Two decades later, Borger began a journey that would at last begin to shed light on his family’s painful past: its flight from Vienna after the Anschluss — the political union of Austria with Nazi Germany in 1938 — and the long shadow that would eventually contribute to his father’s suicide in the early 1980s.
“I Seek a Kind Person: My Father, Seven Children and the Adverts that Helped Them Escape the Holocaust,” published in the US this month, is both a moving family memoir and a powerful piece of investigative journalism.
But beyond the stories of the individuals lies a narrative crafted by Borger that explores the complexities of life for Jewish child refugees in Britain — a country that offered them a haven from likely death but also, for some, a somewhat chilly welcome.
It also underlines the terrible burdens that those children carried into adulthood, not just “the weight of loss and the guilt of survival,” but the deep-seated feelings of betrayal and distrust sparked by the manner in which friends, neighbors and fellow countrymen turned against them when the Nazis crossed the Austrian border in the spring of 1938 without a shot being fired.
Borger’s dive into his family’s history began in the closing weeks of US President Donald Trump’s first administration when, writing a piece about the deportation of West African asylum seekers, he suddenly recalled his mother telling him about a small advertisement his grandparents had placed in the Manchester Guardian in 1938.

Days later, an archivist at the paper (it became simply The Guardian in 1959) sent Borger a block of six short ads from August 3, 1938, in their “blotchy pre-war typeface,” one of which read: “I Seek a kind person who will educate my intelligent Boy, aged 11, Viennese of good family. Borger, 5/12 Hintzerstrasse, Vienna 3.”
That “intelligent boy” was the author’s father, Robert. The ad, Borger writes, was “in a way, our origin story.”
Robert Borger was one of six Jewish children advertised in that day’s paper. As Borger began to look through the archives, he saw that scores of other Viennese parents, desperately seeking a place of refuge outside of the Third Reich for their children, had also placed ads. Indeed, in the months before the Kindertransport was initiated in the wake of Kristallnacht, newspaper ads were one of the few ways Jewish parents could get their children out of Austria.
Fascinated and driven by the memory of the box of his late grandfather’s mementos, Borger began the painstaking task of tracing some of them. While an online archive proved a critical resource, the search was often time-consuming and frustrating.
Many ads contained just the age and gender of the child, a surname, or simply initials and a street address in Vienna. In only a handful of cases was the child’s name given. Moreover, while some names could be traced through archives to Britain — and sometimes on to transatlantic crossings to New York — the trail would often run cold at that point. Refugees adopted more Anglo-Saxon names, married and changed their names, or died without descendants.

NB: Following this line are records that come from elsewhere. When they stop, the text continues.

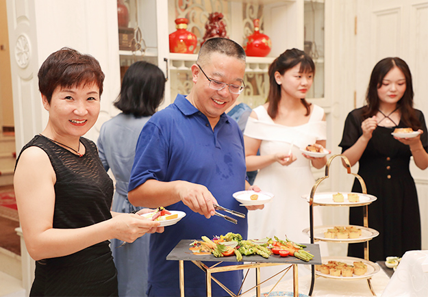 7月27日,2019綠之韻美學沙龍暨紅酒品鑒晚宴成功舉行。綠之韻集團董事長胡國安,國家高級整體形象管理師、國家高級禮儀培訓師、中國女性形象禮儀培訓師彩蝶,全國葡萄酒二級侍酒師黃文以及來自集團總部及各下屬機構的20余名員工參加活動。本次活動還特別邀請了2009 ICS中國青年廚藝大賽冠軍、Bocuse Asia-Pacific China 2012中國青年廚藝冠軍米其林三星大廚Mr. Sanglin Xie為晚宴主廚。
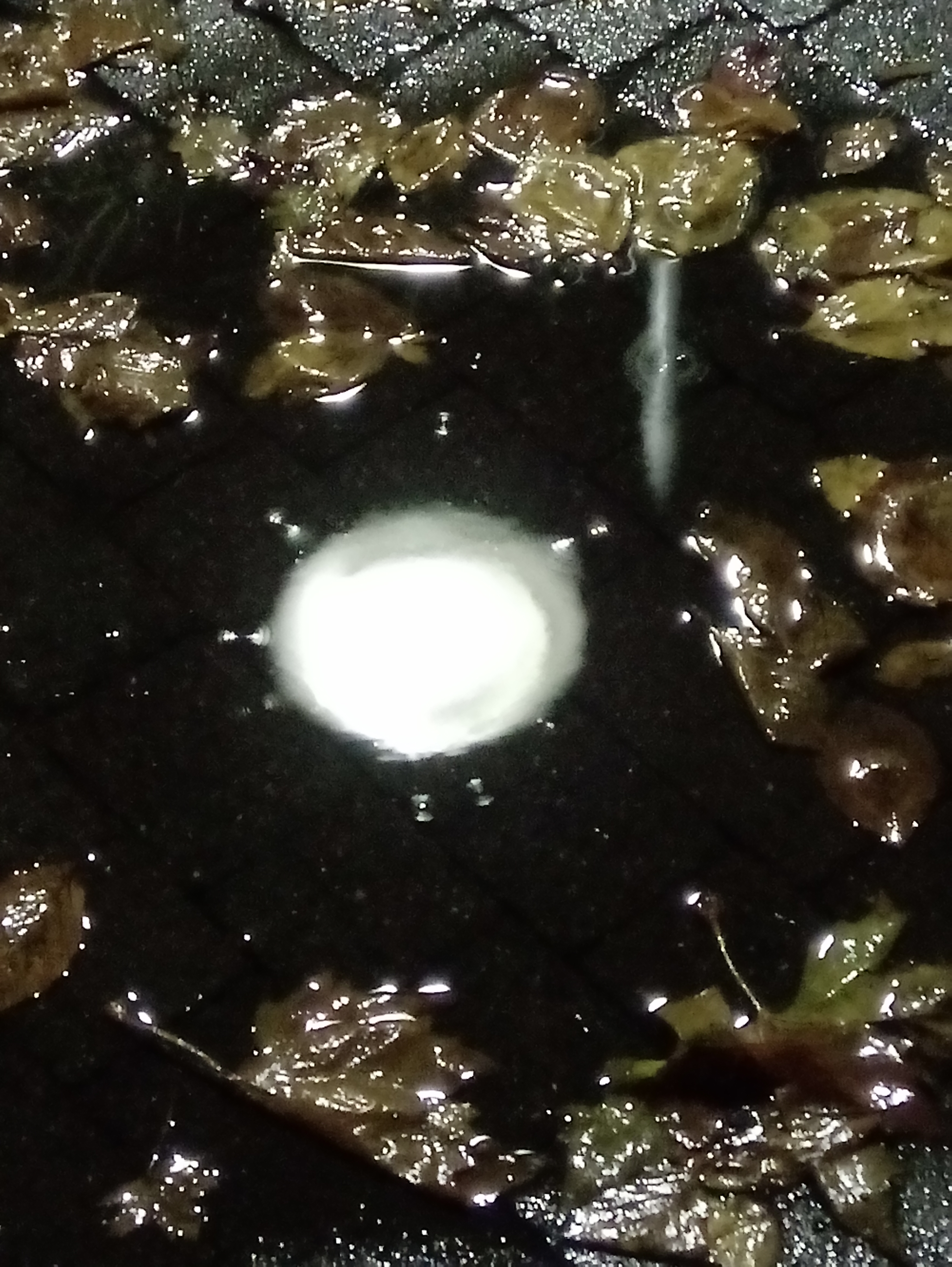 - Eine Pfütze bei Dunkelheit und Regen, in der sich die Straßenlaterne spiegelt
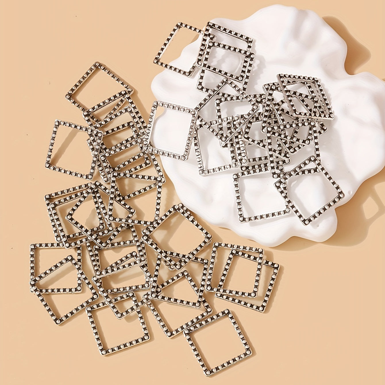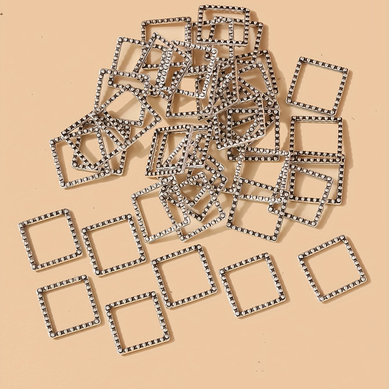 Enhance your jewelry designs with this set of 40 antique silvery square accessories. Perfect for making unique and eye-catching jewelry pieces.
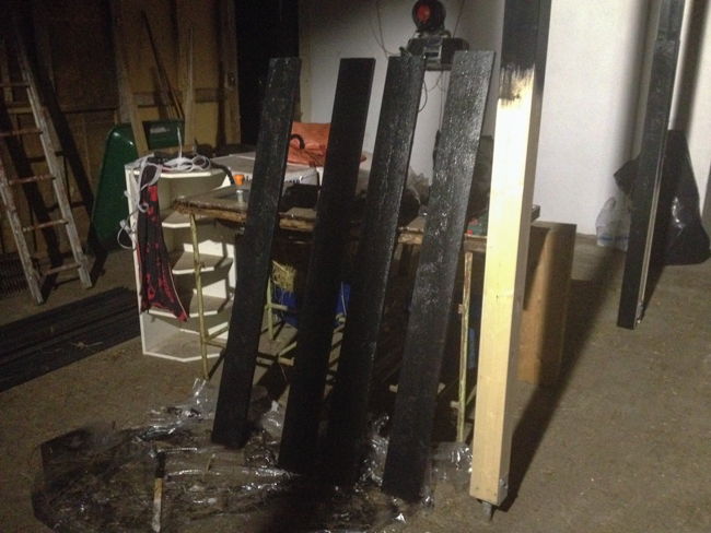 Jag har även skruvat upp några av de brädor som ska sitta på stolparna, de som är kvar här nedan behöver ”karvas” lite i innan de ska upp de också. Sen måste vi köpa några fler brädor, för det räckte ju inte till alla stolpar utan tre stolpar saknar brädor.
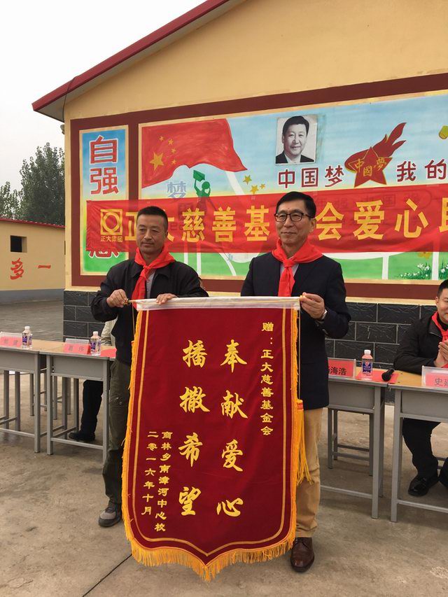 南漳河小学感谢正大慈善基金会的爱心善举,并赠送锦旗。

But, for all that, Borger’s patience, tenacity and reporting skills produced enough breakthroughs to uncover stories which mix tragedy, grief and heartbreak with joy, survival and resilience.

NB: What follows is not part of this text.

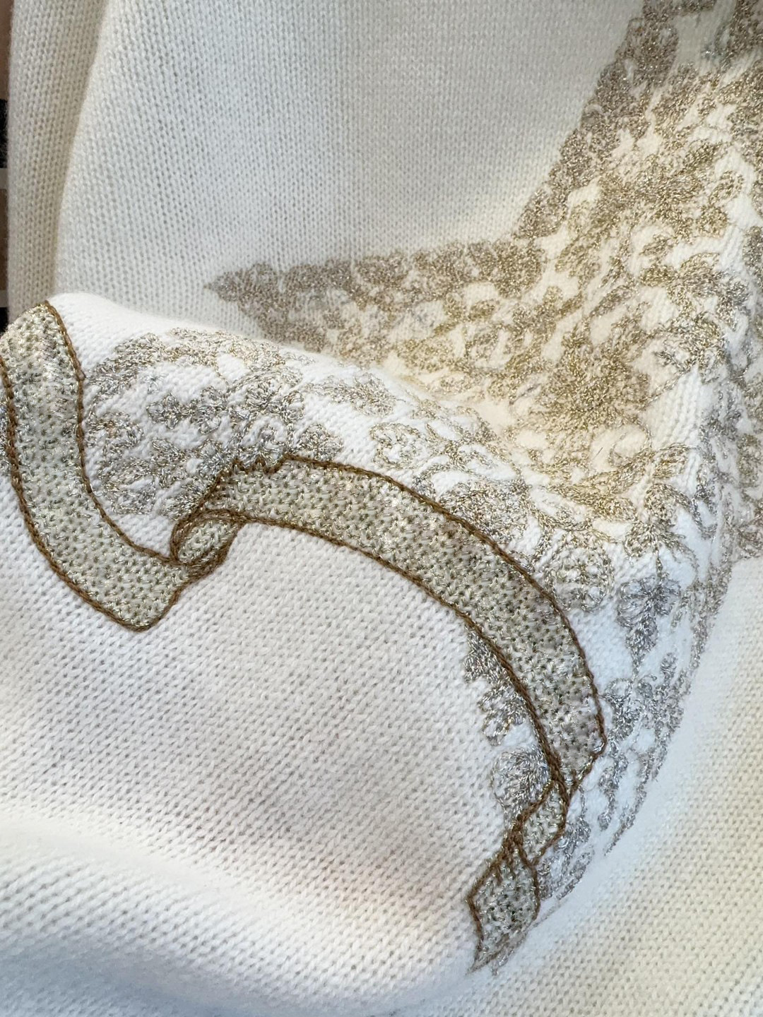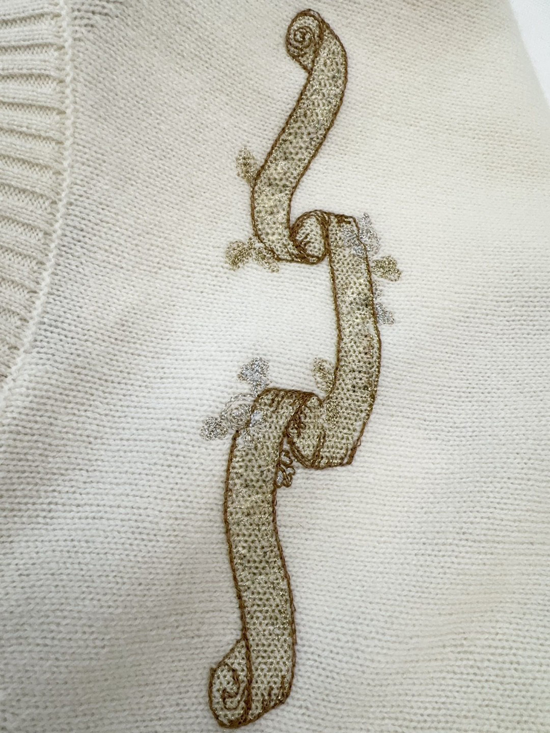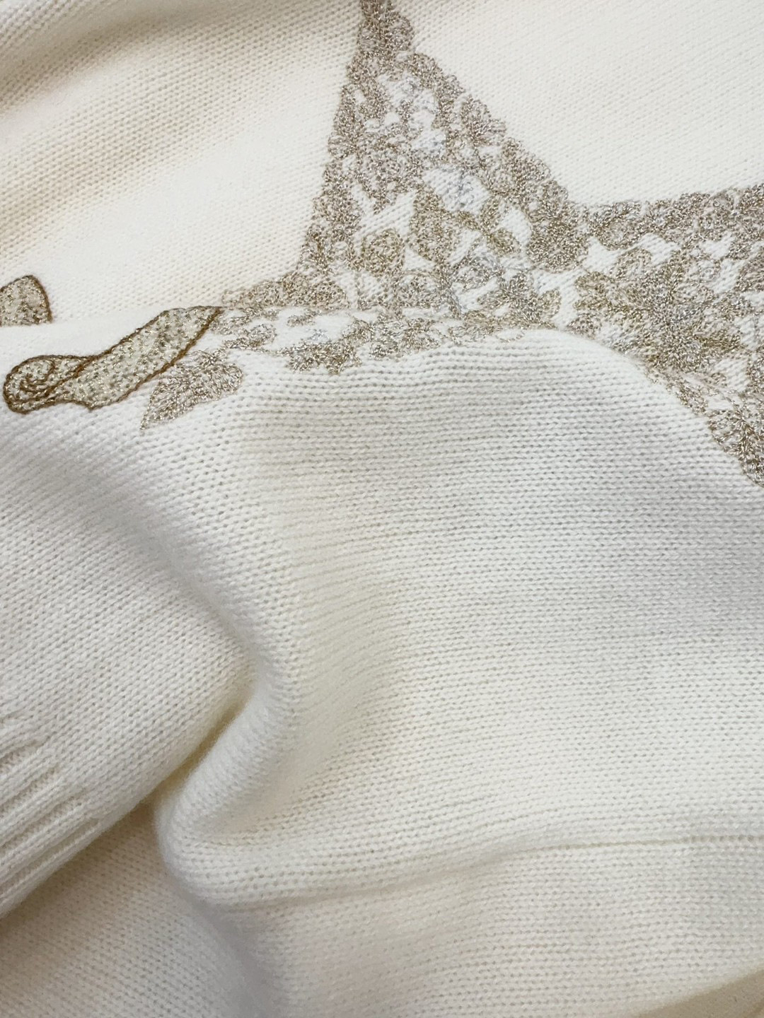 在庫ありDブランド2025年初春新作 シャネル風エレガントな蝶と文字の刺繍入りカシミヤ柔らかセーター レディース

A skeleton of an origin story
Borger’s own family story was shrouded in secrecy. Robert rarely discussed his childhood with his wife and children, nor did his parents, Leo and Erna.
“We grew up aware of the bare skeleton of my father’s story,” writes Borger. Robert and his mother had escaped Vienna for Britain seven months after the Anschluss, with Leo following in March 1939. Erna’s visa as a maid — one of the few jobs which allowed refugees to gain entry to the country — and Leo’s as an agricultural trainee didn’t permit the couple to live together or with their son.
“Everything was opaque,” writes Borger. “It was a handful of details that told us what happened, but not how it happened and how it felt.”
Robert, who later became a university lecturer, shied away from his background. Borger says that as a typical teenager looking “for what distinguishes you [and] makes you special,” he was “curious” about his father’s past but “easily rebuffed” in the face of a wall of silence. With the family’s Jewish heritage “all but invisible,” Robert chose to assimilate: his children, for instance, were awarded quintessentially English middle-class names — Rupert, Makepeace and Sebastian.
“We had been secular as a family for so many generations,” Borger tells The Times of Israel in an interview. “That instinct to assimilate and to shed all the attributes of Judaism was kind of baked into my family.”
The impact of Robert’s reticence to discuss key elements of the family’s past was profound. “It was,” writes Borger, “as if we had painted layer after layer of tasteful off-white over the top of something garish, more visceral and unsettling.”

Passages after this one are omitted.